What percentage of the overall task is going to be spent parallelising the problem? Do you have a plan for which parallel SOR algorithm you plan to use or will you use some alternative algorithm. Is that the chunk of code that will consume the most time spent? Do you expect the time spent accessing memory to dominate that spent on floating point operations? Also, why the level of complexity in computing the error during the solution of the Poisson equation? Are you trying to do some prediction of the next step to avoid that last iteration prior to convergence? Why does not the difference of successive values of pnew not suffice? Just curious as that would save time?

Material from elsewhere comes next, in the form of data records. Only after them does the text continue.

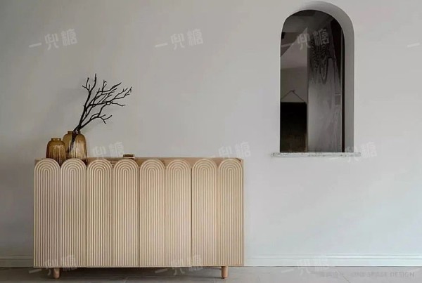 同样的,在餐厅旁或者走道的尽头,摆放造型更加多样的矮柜,上面陈列花瓶等摆件,也是一道靓丽的端景,能让这个空间更具丰富性。
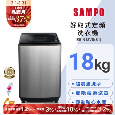 SAMPO聲寶 18公斤定頻直立洗衣機ES-N18VS(S1) 含基本安裝+舊機回收$18,990$19,989
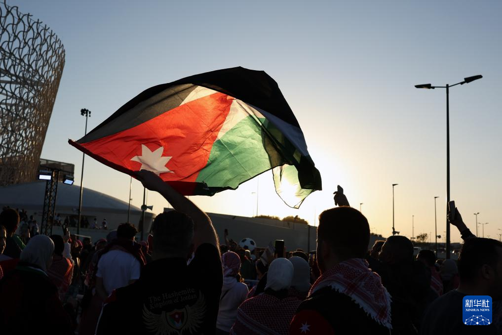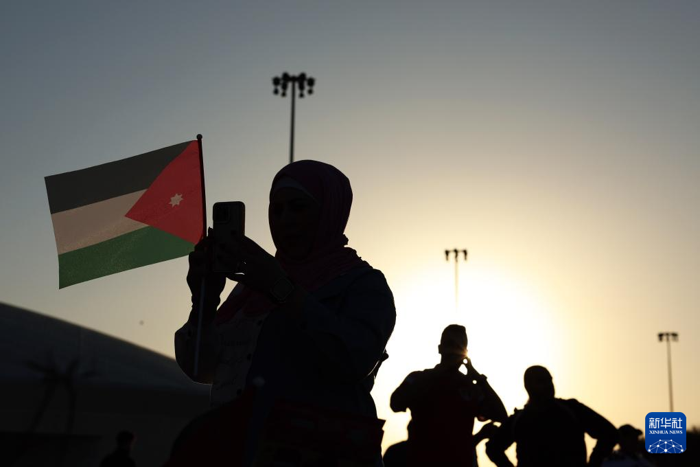 2月6日,约旦队球迷在球场外挥舞约旦国旗。新华社记者 贾浩成 摄
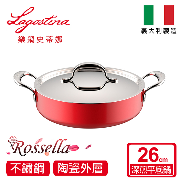 LAGOSTINA樂鍋 ROSSELLA時尚紅系列26CM不鏽鋼雙耳深煎平底鍋 (加蓋) LA-01120603182669946LAGOSTINA樂鍋 ROSSELLA時尚紅系列26CM不鏽鋼雙耳深煎平底鍋 (加蓋) LA-011206031826 7,880
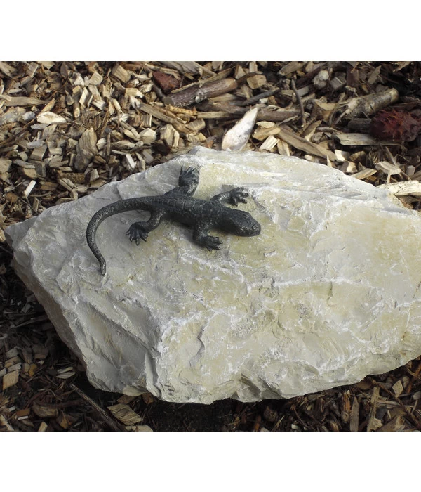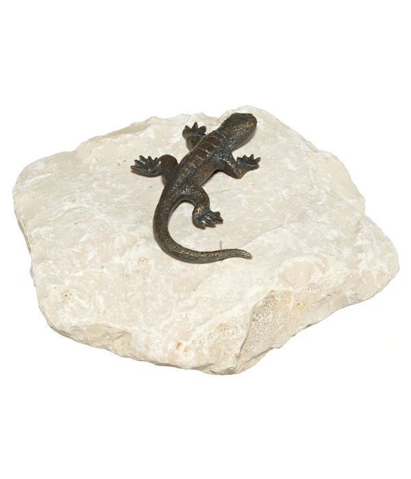 Da wuselt sie doch durch den Garten und hält plötzlich auf dem Stein inne. Oder nicht? Täuschend echt wirkt die Rottenecker Bronzefigur Eidechse auf Findling auch noch beim zweiten Blick. Hier macht sich die Maßarbeit in vielen Einzelschritten bemerkbar, die das Jahrtausende alte Handwerk der Bronzegießerei erfordert. Sie werden viel Freude an der Rottenecker Bronzefigur Eidechse auf Findling haben, denn man muss normalerweise lange in Galerien und auf Märkten nach so einem individuellen Objekt suchen. Bis ins letzte Detail der aufwendig hergestellten Patina können Sie immer wieder ein neues Spiel aus Licht und Schatten auf Ihrer Rottenecker Bronzefigur Eidechse auf Findling beobachten, während Sie entspannte Stunden im Garten genießen.
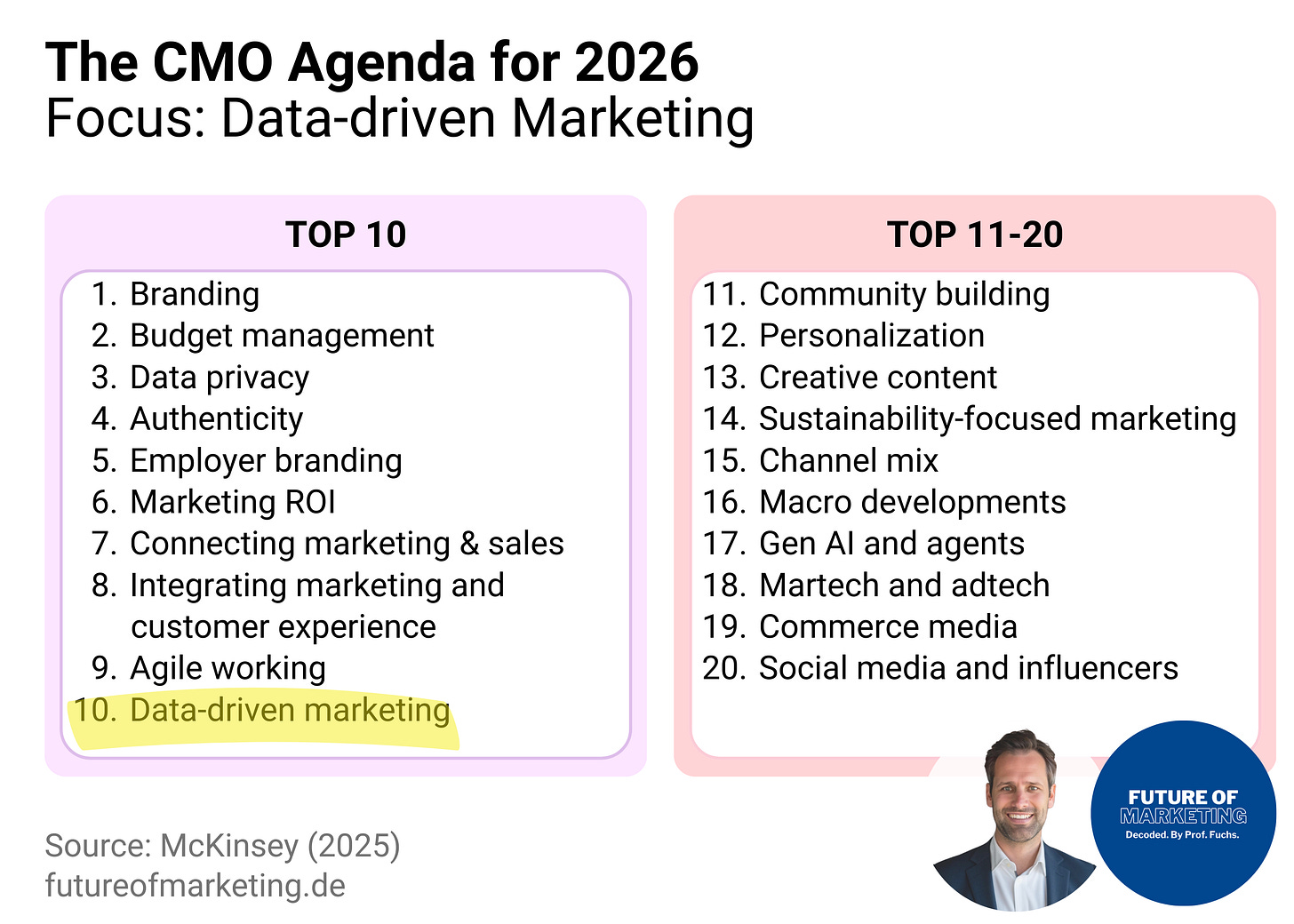 Branding (#1)? Requires data to measure distinctiveness, track perception, and allocate budgets. Marketing ROI (#6)? Impossible without clean, shared data. Connecting marketing and sales (#7)? A coordination problem that collapses without a common data foundation. Personalization (#12)? Entirely data-dependent.
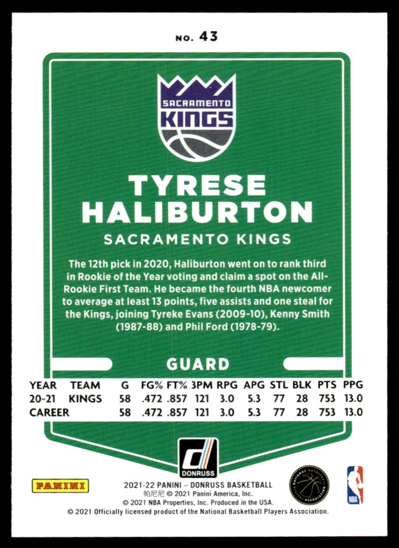 | 2021-22 Donruss Tyrese Haliburton Sacramento Kings #43 |
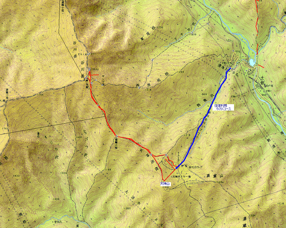 天神山リフト終点10:00〜分岐10:10〜熊穴沢避難小屋10:30〜肩の小屋12:25〜山頂12:40〜休憩13:10 山頂13:10〜熊穴沢小屋14:07〜ロープウェイ駅14:40〜土合口駐車場
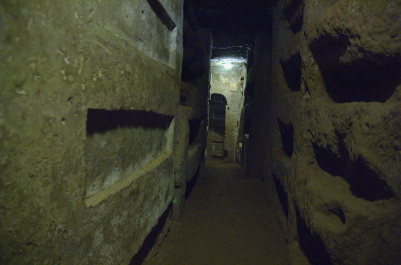 Nach römischem Recht durften Tote nur außerhalb der Stadt begraben werden. An den Straßen vor den Stadttoren bildeten sich daher regelrechte Totenstädte – dennoch wurde mit der Zeit der Platz darin knapp. Die Christen begannen aus diesem Grund ihre Toten in unterirdischen Gängen zu bestatten, die in das weiche Gestein gegraben wurden. So entstanden zum Teil mehrstöckige Anlagen, in denen zehntausende Menschen begraben wurden.
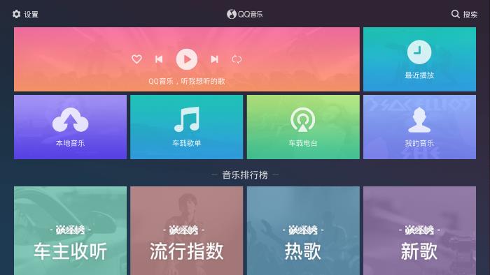 1.直观布局,功能尽显:成功下载安装QQ音乐车机版,您会发现界面简洁明了,主页清晰展示当前播放、最近播放、本地音乐、为你推荐、个性电台和我的音乐六大核心区域。配合左上角的“设置”和右上角的“搜索”,所有功能触手可及,轻松导航。
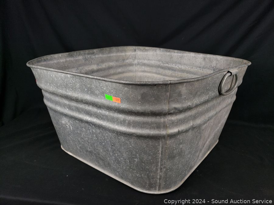 11.5" H x 21" x 23" tub. Some dents, dings. Refer to photos for more details.
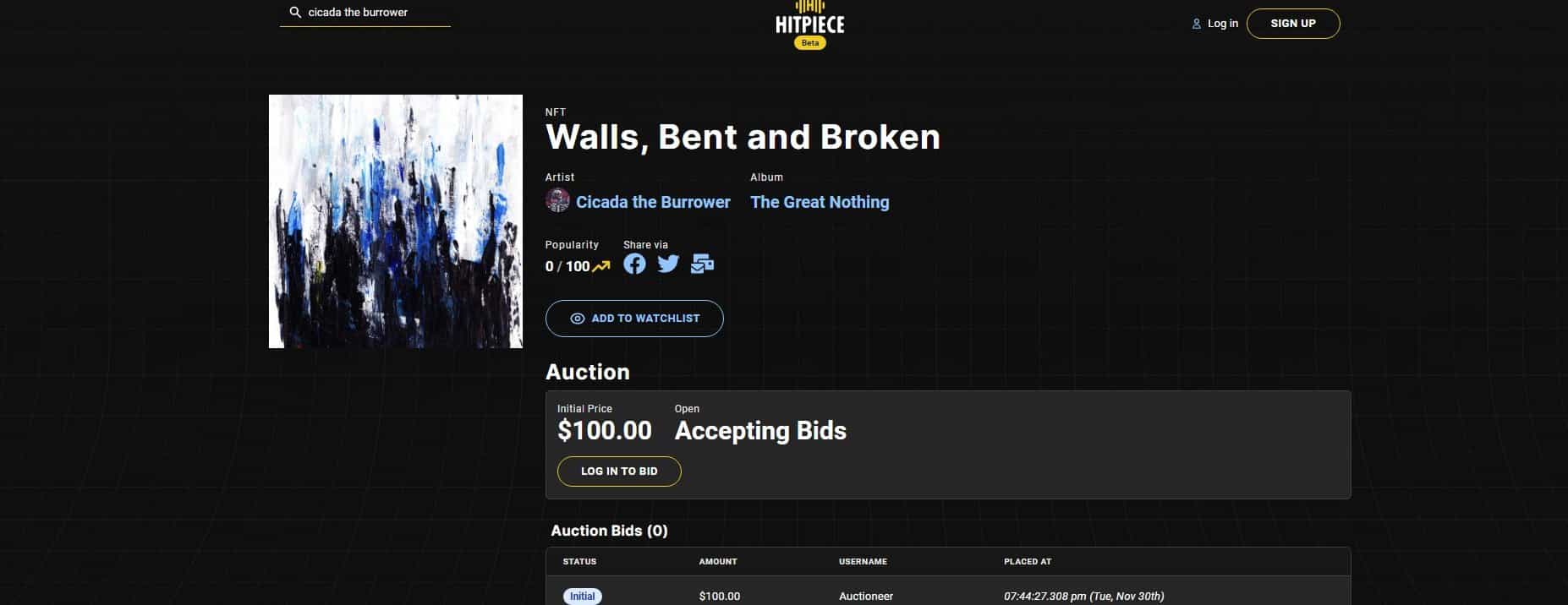 A screencap of HitPiece, in which the site displays Cicada The Burrower’s “Walls, Bent and Broken” starting at a bid of $100.
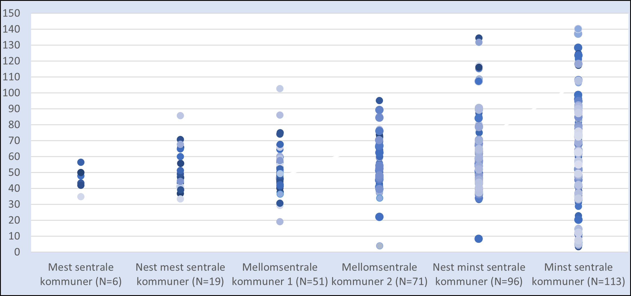 * Tre kommuner i gruppen "Minst sentrale kommuner" er utelatt grunnet ekstremverdier.
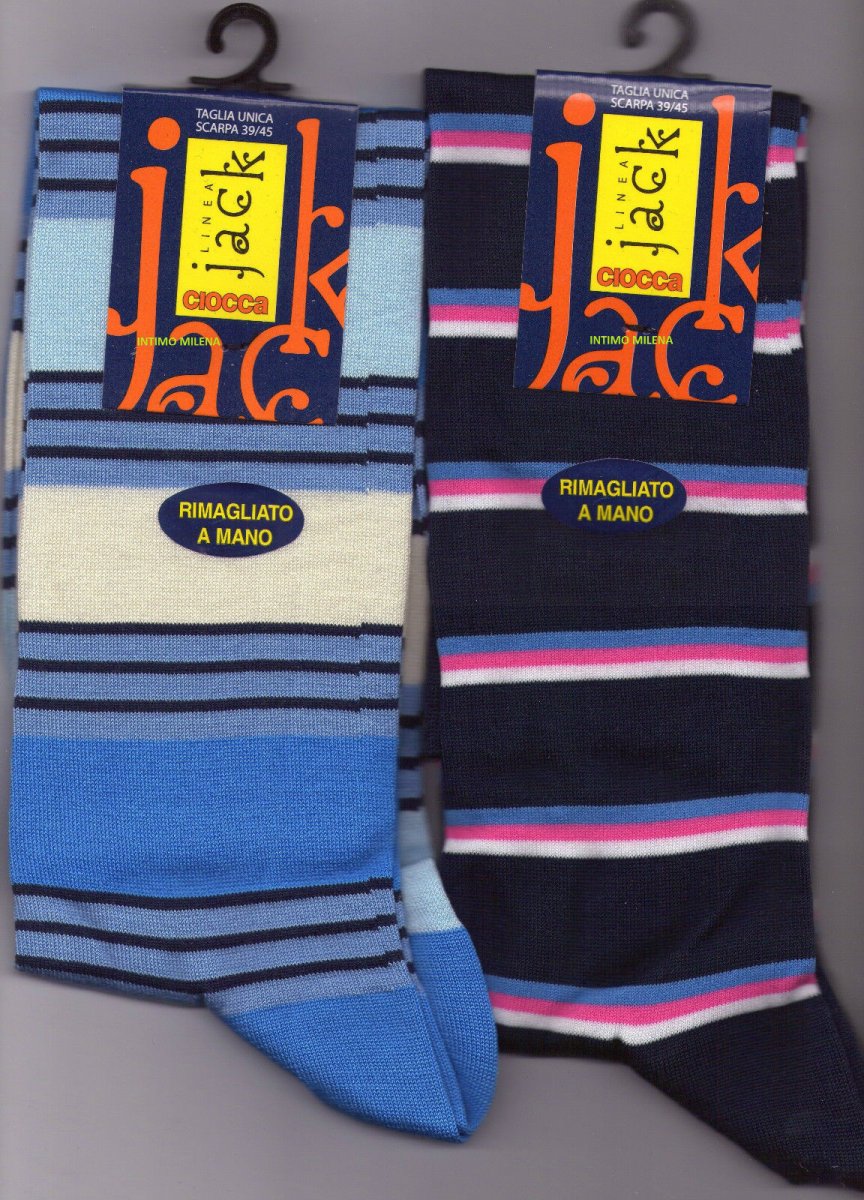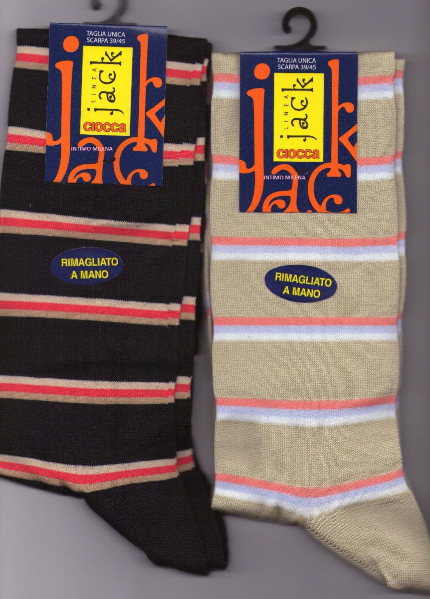 12 CALZE UOMO CIOCCA ART. 906X CALZA UOMO LUNGA RIGATA IN COTONE ESTIVO RIMAGLIATA A MANO IN TAGLIA UNICA 39-45 COLORI ASSORTITI COME IN FOTO COMPOSIZIONE DEL PRODOTTO: 70% COTONE 29% POLIAMMIDE 1% ELASTAN
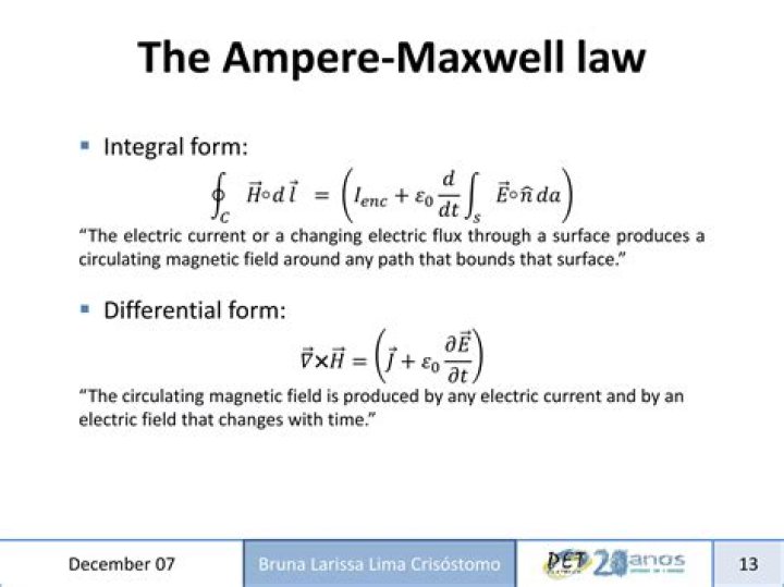 Find the Maxwell law derived from Ampere law. Explanation: From the current density definition and Ohm’s law, the Ampere circuital law Curl(H) = J can be derived. This is Maxwell’s second law of electromagnetics.What is Ampere's circuital law explain Ampere-Maxwell modified law and explain displacement current with its help?
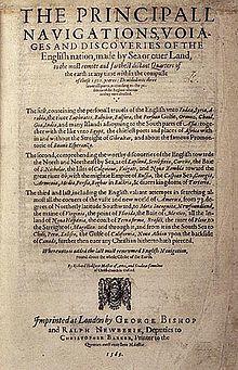 - Hakluyt, Richard (1589). The Principall Navigations, Voiages, and Discoveries of the English Nation: Made by Sea or Over Land to the Most Remote and Farthest Distant Quarters of the Earth at Any Time within the Compasse of These 1500 Years: Divided into Three Several Parts According to the Positions of the Regions Whereunto They Were Directed; the First Containing the Personall Travels of the English unto Indæa, Syria, Arabia ... the Second, Comprehending the Worthy Discoveries of the English Towards the North and Northeast by Sea, as of Lapland ... the Third and Last, Including the English Valiant Attempts in Searching Almost all the Corners of the Vaste and New World of America ... Whereunto is Added the Last Most Renowned English Navigation Round About the Whole Globe of the Earth. London: Imprinted by George Bishop and Ralph Newberie, deputies to Christopher Barker, printer to the Queen's Most Excellent Majestie. Folio. Reprint:
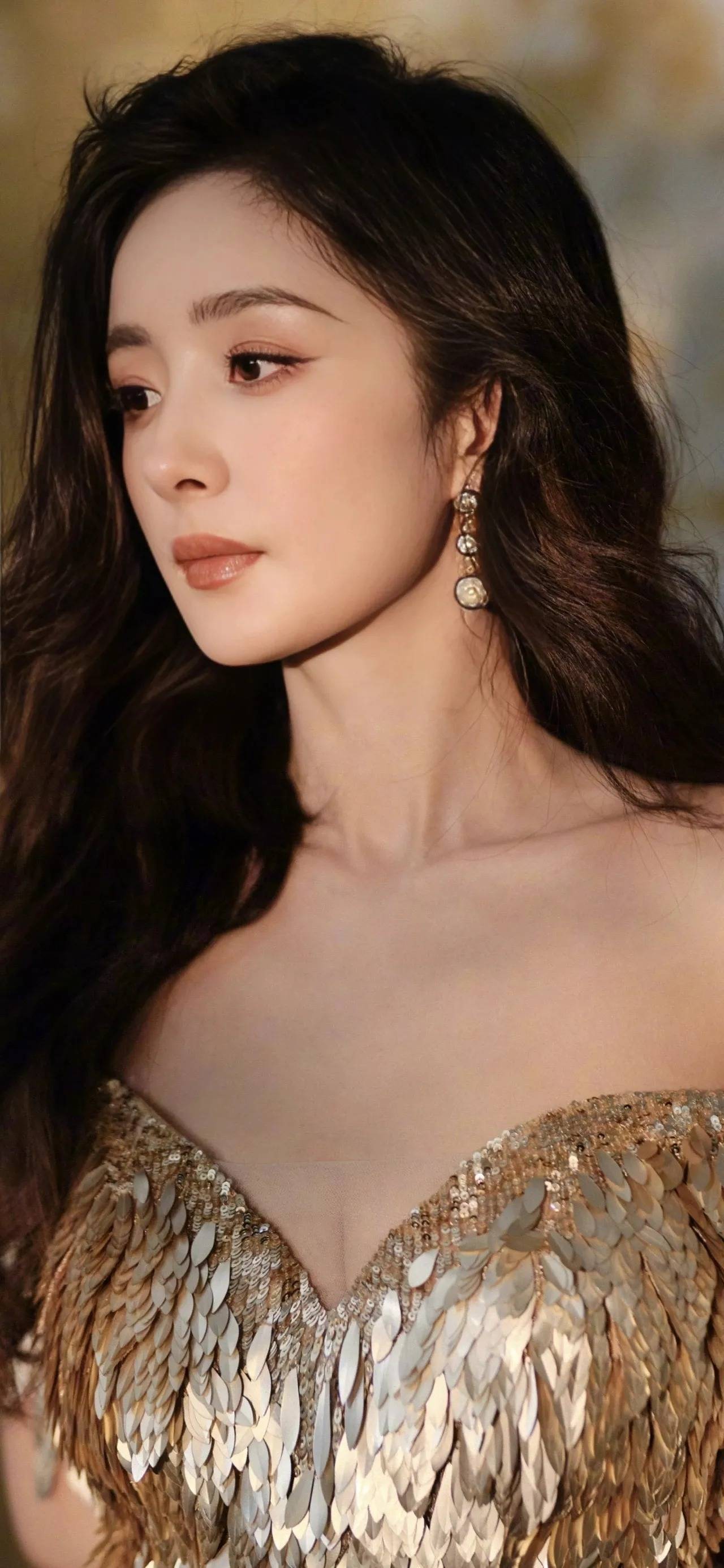 侧面视角中,杨幂佩戴的耳环成为视觉亮点。精致的圆形吊坠搭配碎钻点缀,与金色礼服相互辉映,在光影中流转出璀璨光芒。露肩设计下,她的颈部线条修长优美,锁骨微微凹陷,礼服的羽毛装饰如同为她定制的华丽披风,将她衬托得既高贵又迷人,每一个角度都经得起镜头的推敲。
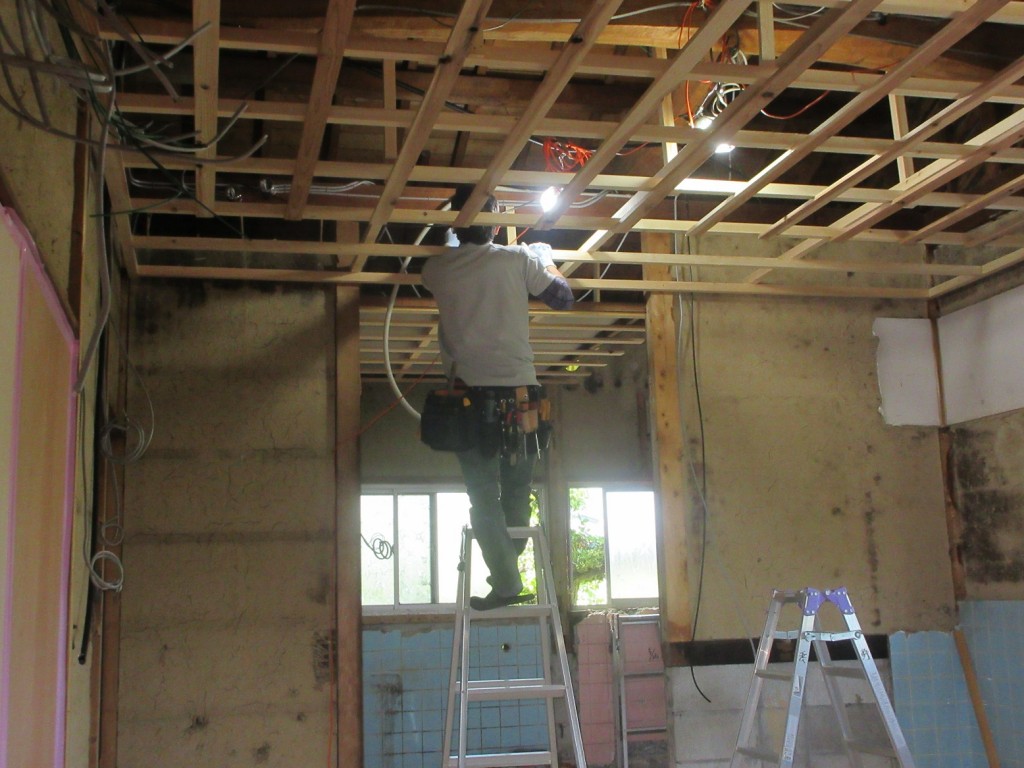 大工さんの造作工事が順調に進みましてので電気屋さんは配線作業は急ピッチですすめております
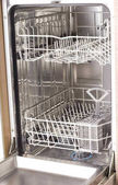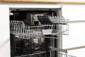 widok z bliska na otwartą zmywarkę w nowoczesnym wnętrzu kuchni

Do you have any words of wisdom for others who are considering translating a Fortran program into Chapel? Do you already have a Fortran solution to the 3D problem?

Thanks.

[annacfs]

Hi Guys, Sorry for the delay, I checked my code with MMS([https://asmedigitalcollection.asme.org/fluidsengineering/article-abstract/124/1/4/462791/Code-Verification-by-the-Method-of-Manufactured?redirectedFrom=fulltext]). Its correct!!! My question was the time of the CONV and VISC loop. Just it.

I did a new implementation using domSpace

[damianmoz]

I was not questioning the correctness of the code. By the way, the 2nd link does not resolve. It gets an error.

Could you post the latest version of your code please?

You mentioned

My question was the time of the CONV and VISC loop. Just it.

Are you saying that your questions about Chapel are related solely to that loop?

[damianmoz]

I assume you have moved on from your serial comparison.

You can simplify the CONV and VISC loop algebraically, and that then allows you to have a simpler code which should ultimately vectorize (when Chapel better supports vectorization). Even so, it should run faster even without vectorization.

That also means the outer for loop involving CONV & VISC can be parallelised as a forall.

Can you post your reworked code? Do you mean you used dmapped space?

[e-kayrakli]

Given that @annacfs has been quiet about our points here for a while now, I think we should close this issue.

@damianmoz do you agree? @annacfs should feel free to reopen, if they intend to continue the conversation and respond to our comments.

[damianmoz]

I agree to close this issue. It has highlighted and resolved quite few of the issues that people moving from Fortran code face. Quite a useful and helpful issue. Your input was key to those resolutions Engin, Thanks.